Наместник взглянул туда, где посредине лагеря всё ещё сочилась дымом яма, а вокруг были размётаны обломки кирпичей. Один из его спутников в серых тряпках приблизился к яме, опустился на четвереньки и принюхался к дыму. Стражники невольно подались назад.
— С-сквер-рно! — гортанным голосом прорычал забинтованный. — Сквер-рно пахнет. Как будто сер-ра, но не она. И ещё какая-то мёр-ртвая др-рянь…
— Алхимическая взрывчатка, — проронил наместник, пнув сапогом обломок кирпича. — Интересное дело.
Подоспевший Борниус Карн сунул наместнику планшетку с листом бумаги. Тот пробежал списки взглядом, ища номер «рыжего» — и вдруг вздрогнул. Не веря себе, уставился в одну из строчек. Не может быть!..

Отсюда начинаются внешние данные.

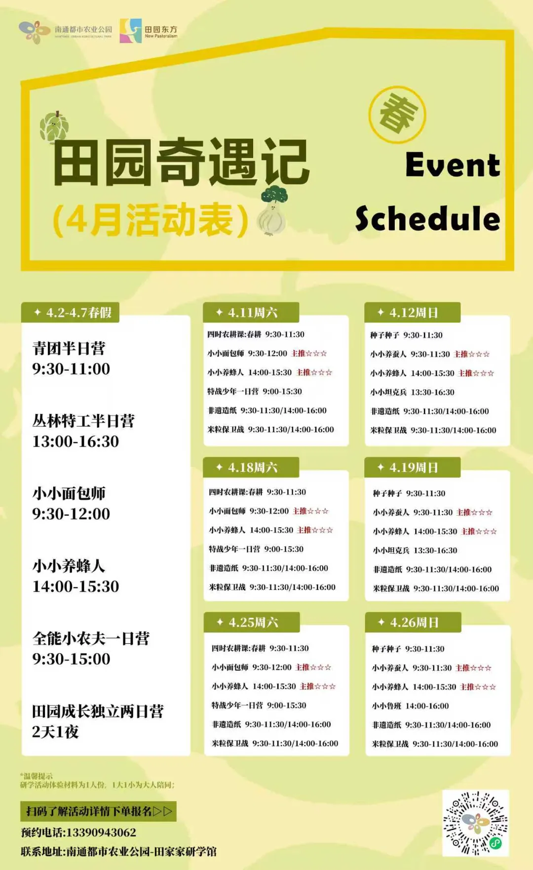 参与方式:活动采用电话预约,活动人员请于3月20日—3月30日进行报名,10人及以上成团

— Где он? — Наместник рывком развернулся к учётчику. У Карна подкосились колени — но рука наместника вцепилась в его мундир и приподняла над землёй… Механическая рука, тускло блестящая стальными и бронзовыми сочленениями. Задыхаясь, Карн уставился в перекошенное бледное лицо наместника, обрамлённое растрёпанными белыми волосами, в его сверкающие красные глаза.
— Заключённый под этим вот номером! — прошипел альбинос. — Как он оказался в вашем лагере?
— А-а… старик Хрущ? Но п-при чём…?
— Отвечай! Кто и когда его перевёл?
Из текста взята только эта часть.